▶ [Problem description] Go to the line holding "Granit Kleinpflaster 8-11" in the data below and repeat it exactly, then each line after it up to and including the one holding "Zsia with family". Omit pictures.

▶ [Provided entries]
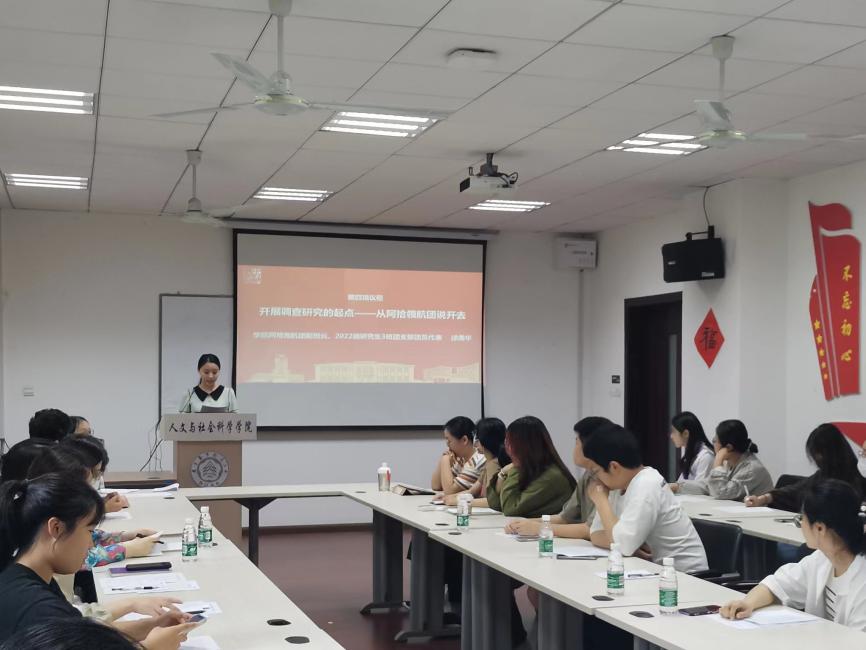 大兴调查研究是开展学习贯彻习近平新时代中国特色社会主义思想主题教育的重要内容,以调查研究推进全过程人民民主,是中国共产党团结带领中华儿女追求民主、发展民主、实现民主的伟大政治创造。学院“阿拾领航团”副班长徐美华以“开展调查研究的起点——从阿拾领航团说开去”为题,梳理党和国家领导人有关调查研究的重要论断和工作实践,结合学院成立“阿拾领航团”这一契机,向在座的同学们郑重承诺,全体“阿拾领航团”成员将运用好专业所学,开展线上线下调研,广泛征集同学们的意见建议,当好链接学院和同学们的桥梁。
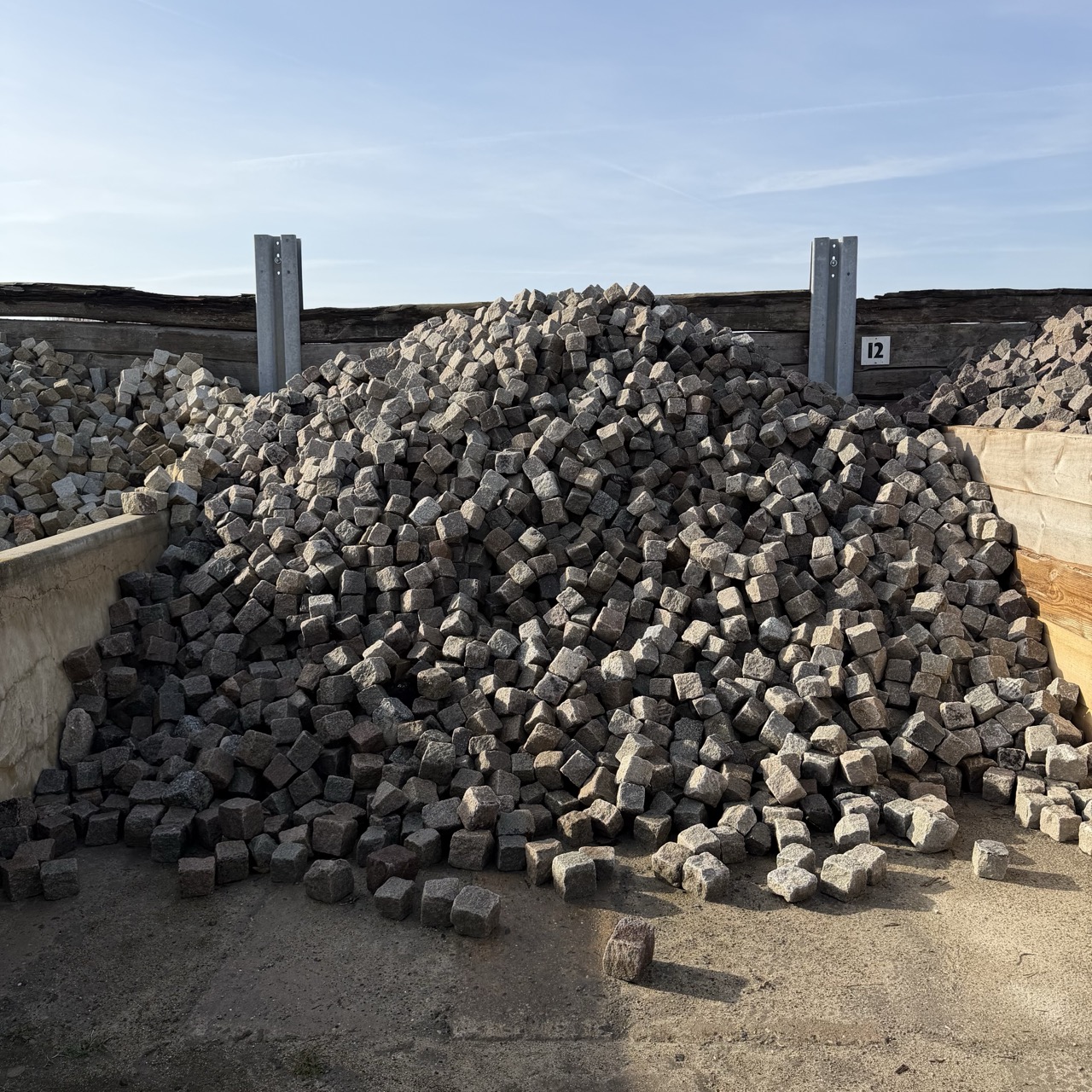 Produktinformationen "Gebrauchtes Granit Kleinpflaster 8-11 cm reihenfähig grau-rötlich"
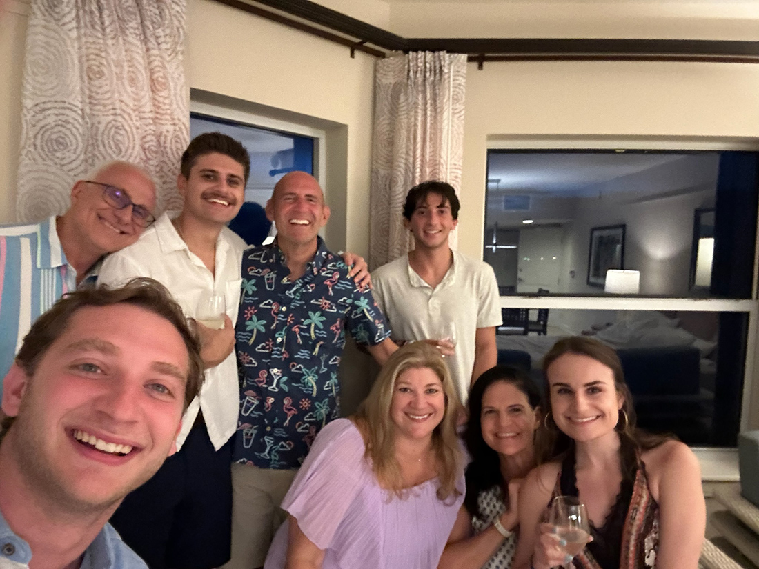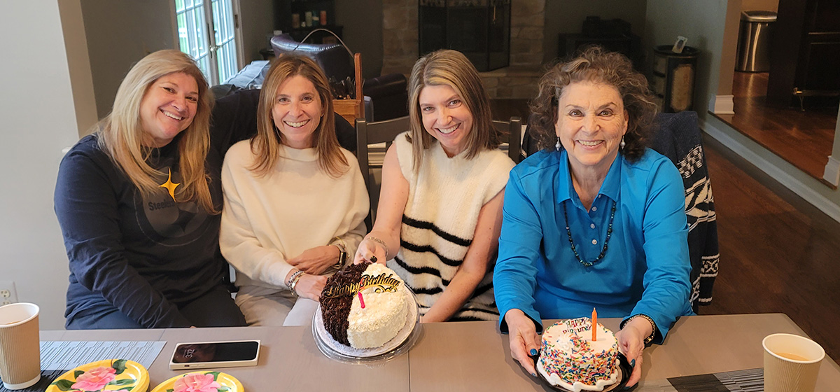 Zsia with family and friends celebrating her birthday. Both Zsia and her friend Mary are corporate professionals who work with leadership groups to help women in business.
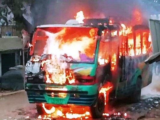বাঁশখালীতে গ্যাসের ট্যাঙ্ক বিস্ফোরিত হয়ে চলন্ত বাসে আগুন
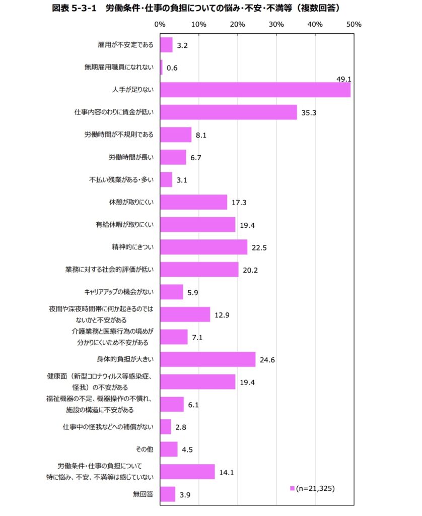 介護労働安定センターの調査では、仕事の悩み・不安・不満として「人手が足りない」が49.1%と最も高い項目になっています。
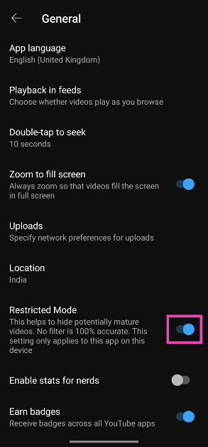 4. Adım:Aşağı kaydırın ve geçiş anahtarını kapatınKısıtlı mod.

▶ [Answer box]
 Produktinformationen "Gebrauchtes Granit Kleinpflaster 8-11 cm reihenfähig grau-rötlich"
 Zsia with family and friends celebrating her birthday. Both Zsia and her friend Mary are corporate professionals who work with leadership groups to help women in business.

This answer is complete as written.